*YOUR GOAL*. What you return must match the data below exactly, minus any pictures.

*DATA SEGMENT*.
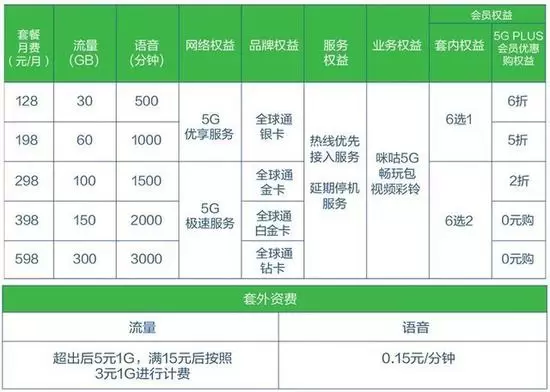 坏消息是:贵!最低套餐还得128元,且最低套餐只有30GB流量,超出套餐后5元1GB,且享受到的不是全速5G。一个特别骚的操作,5G网络收费开始模仿有线宽带,速率跟套餐价格挂钩,套餐贵档次高,对应的最高下载速率也高。
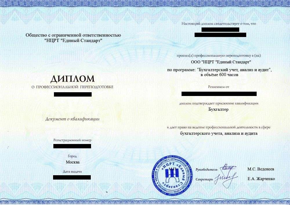 • Диплом о профессиональной переподготовке установленного государством образца. Срок действия: бессрочно.
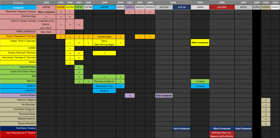 For those interested, BTW, a thing I tossed together a while back as a sampler for someone – basically all of the KOF music that particularly stands out to me, organized by theme/purpose, then chronologically.

*RESPONSE*.
 坏消息是:贵!最低套餐还得128元,且最低套餐只有30GB流量,超出套餐后5元1GB,且享受到的不是全速5G。一个特别骚的操作,5G网络收费开始模仿有线宽带,速率跟套餐价格挂钩,套餐贵档次高,对应的最高下载速率也高。
 • Диплом о профессиональной переподготовке установленного государством образца. Срок действия: бессрочно.
 For those interested, BTW, a thing I tossed together a while back as a sampler for someone – basically all of the KOF music that particularly stands out to me, organized by theme/purpose, then chronologically.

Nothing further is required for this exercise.